| YOUR TASK |
Omit the images and return the remaining entries unchanged.

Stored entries
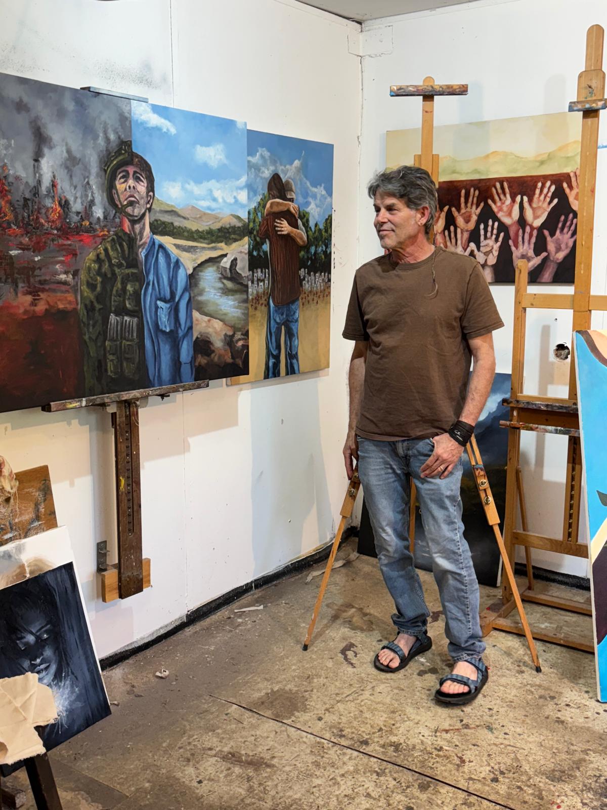 On the left side of the oversized canvas, an ash-gray sky bleeds into the burning reds and oranges of fire. The right side glows with hues of blue skies, desert sand, rolling hills, and water. And in the middle stands a figure, half soldier and half civilian. His right arm is wrapped in an army uniform, and a helmet rests on half his head, while his left arm wears a blue civilian jacket.
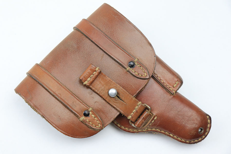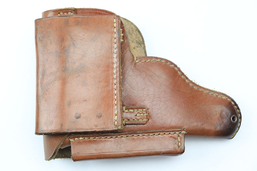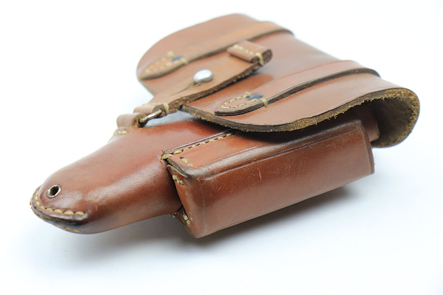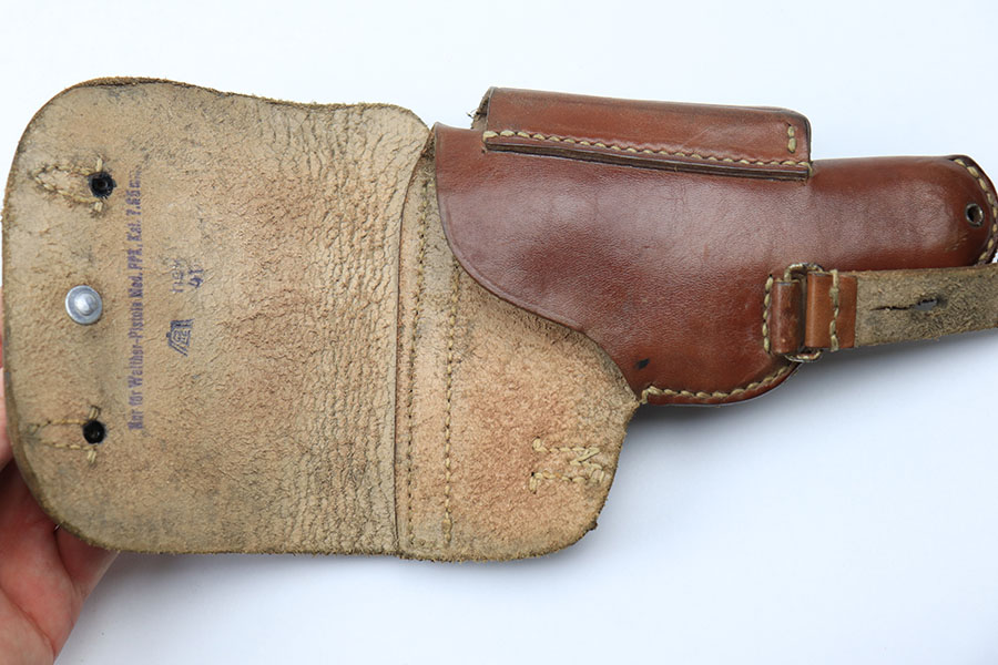 5/6/21 – This is a very rare & desirable Luftwaffe issued Walther PPK holster. The holster is dropping style with excellent, clean brown leather. The interior leather has a crisp ink stamp that indicates this holster is for a Walther PPK. Under that is a luftwaffe proof eagle stamp, hck maker stamp, and 41 date stamp. Typically these markings are very faint but they’re crisp on this example. Stitching is all original and intact.
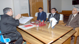 IT Commissioner, AK Thatai in a meeting with Chief Information Commissioner, G R Sufi at Jammu on Friday.
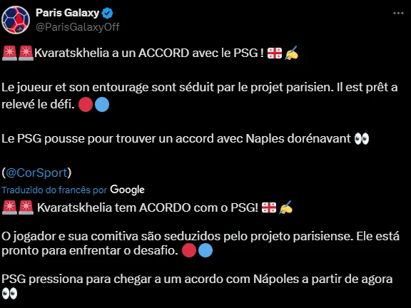Kvaratskhelia já teria um acordo direto com o PSG. Resta agora os clubes se acertarem em relação aos valores, haja vista as conversas avançadas com o jogador e o staff do camisa 77.
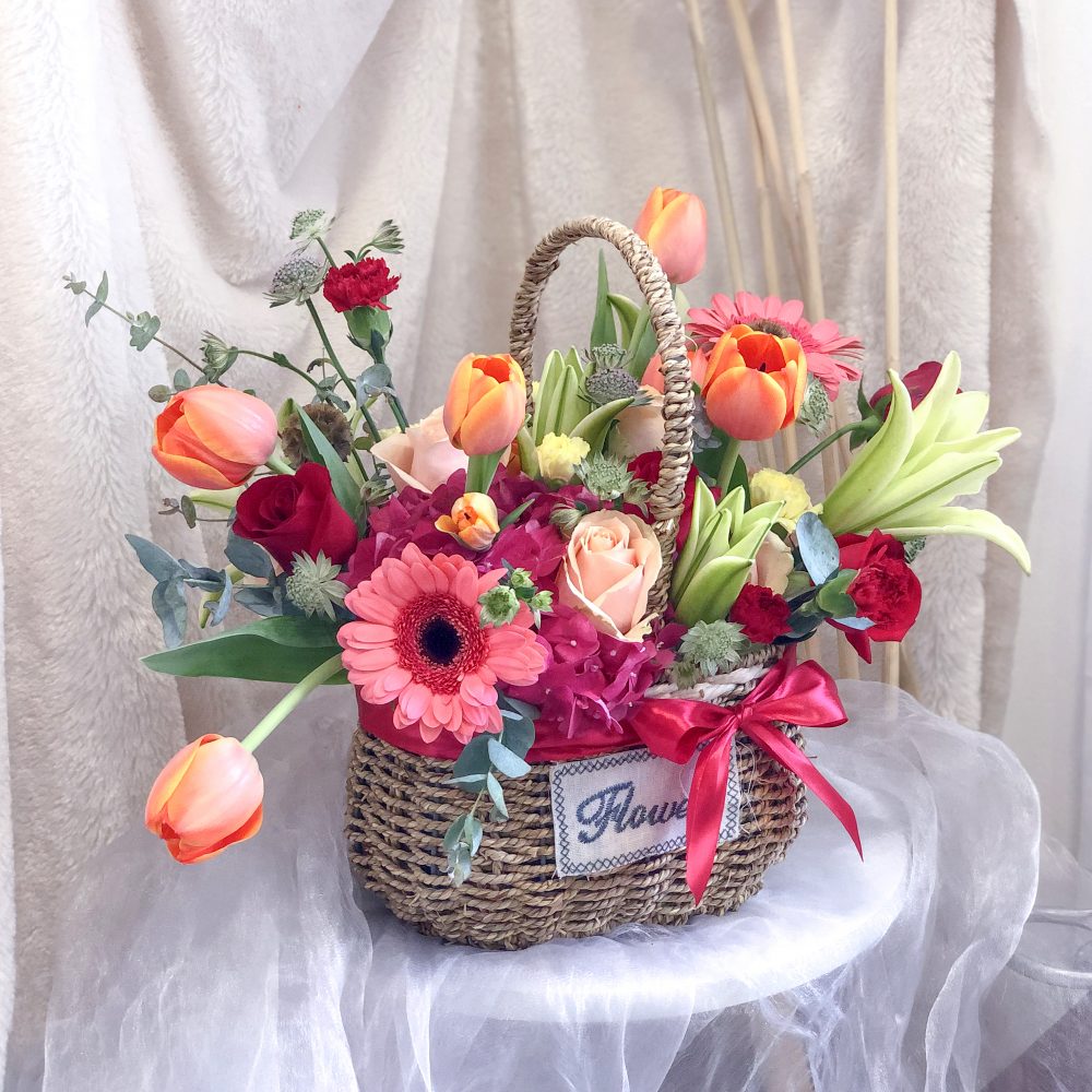 Lilies, Daisy, Tulips, Hydrangea, Roses & Eucalyptus Leaves creatively arranged into a flower basket.

| RESULT FOR THIS EXERCISE |
 On the left side of the oversized canvas, an ash-gray sky bleeds into the burning reds and oranges of fire. The right side glows with hues of blue skies, desert sand, rolling hills, and water. And in the middle stands a figure, half soldier and half civilian. His right arm is wrapped in an army uniform, and a helmet rests on half his head, while his left arm wears a blue civilian jacket.
 5/6/21 – This is a very rare & desirable Luftwaffe issued Walther PPK holster. The holster is dropping style with excellent, clean brown leather. The interior leather has a crisp ink stamp that indicates this holster is for a Walther PPK. Under that is a luftwaffe proof eagle stamp, hck maker stamp, and 41 date stamp. Typically these markings are very faint but they’re crisp on this example. Stitching is all original and intact.
 IT Commissioner, AK Thatai in a meeting with Chief Information Commissioner, G R Sufi at Jammu on Friday.
Kvaratskhelia já teria um acordo direto com o PSG. Resta agora os clubes se acertarem em relação aos valores, haja vista as conversas avançadas com o jogador e o staff do camisa 77.
 Lilies, Daisy, Tulips, Hydrangea, Roses & Eucalyptus Leaves creatively arranged into a flower basket.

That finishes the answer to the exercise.